GOAL OF THE EXERCISE: Should an entry contain an image, leave the image out and repeat the entry's text exactly.

=== Begin Enclosure ===

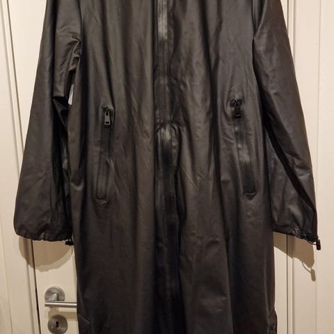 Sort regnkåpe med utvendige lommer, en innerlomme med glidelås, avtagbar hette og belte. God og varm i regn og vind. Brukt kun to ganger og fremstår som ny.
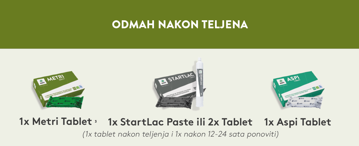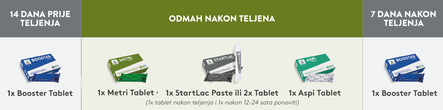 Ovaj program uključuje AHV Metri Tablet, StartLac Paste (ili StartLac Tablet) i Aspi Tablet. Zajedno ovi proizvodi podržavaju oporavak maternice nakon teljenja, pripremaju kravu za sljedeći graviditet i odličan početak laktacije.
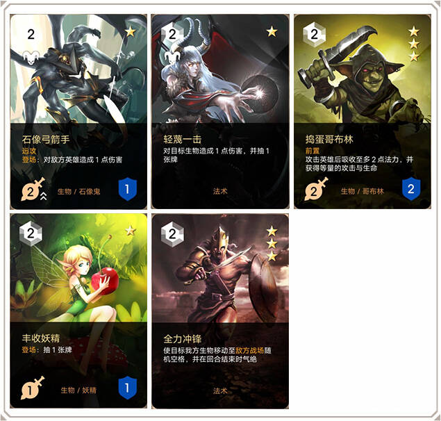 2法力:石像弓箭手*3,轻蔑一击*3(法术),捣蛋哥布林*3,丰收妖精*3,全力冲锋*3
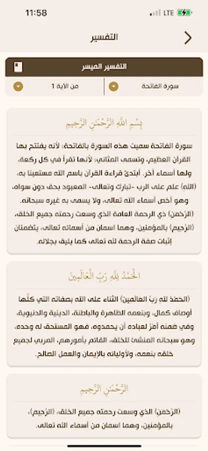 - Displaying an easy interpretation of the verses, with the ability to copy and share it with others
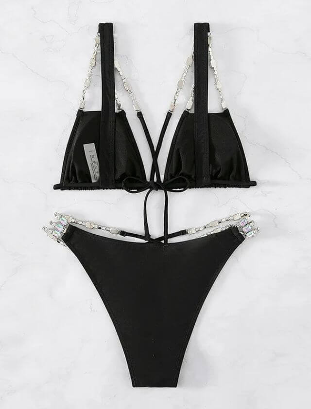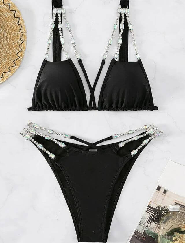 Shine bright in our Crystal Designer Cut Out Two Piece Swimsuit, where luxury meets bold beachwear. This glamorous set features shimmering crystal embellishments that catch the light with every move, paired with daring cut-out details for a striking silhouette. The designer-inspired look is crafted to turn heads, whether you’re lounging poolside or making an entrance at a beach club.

=== End Enclosure ===

TASK RESULT:
 Sort regnkåpe med utvendige lommer, en innerlomme med glidelås, avtagbar hette og belte. God og varm i regn og vind. Brukt kun to ganger og fremstår som ny.
 Ovaj program uključuje AHV Metri Tablet, StartLac Paste (ili StartLac Tablet) i Aspi Tablet. Zajedno ovi proizvodi podržavaju oporavak maternice nakon teljenja, pripremaju kravu za sljedeći graviditet i odličan početak laktacije.
 2法力:石像弓箭手*3,轻蔑一击*3(法术),捣蛋哥布林*3,丰收妖精*3,全力冲锋*3
 - Displaying an easy interpretation of the verses, with the ability to copy and share it with others
 Shine bright in our Crystal Designer Cut Out Two Piece Swimsuit, where luxury meets bold beachwear. This glamorous set features shimmering crystal embellishments that catch the light with every move, paired with daring cut-out details for a striking silhouette. The designer-inspired look is crafted to turn heads, whether you’re lounging poolside or making an entrance at a beach club.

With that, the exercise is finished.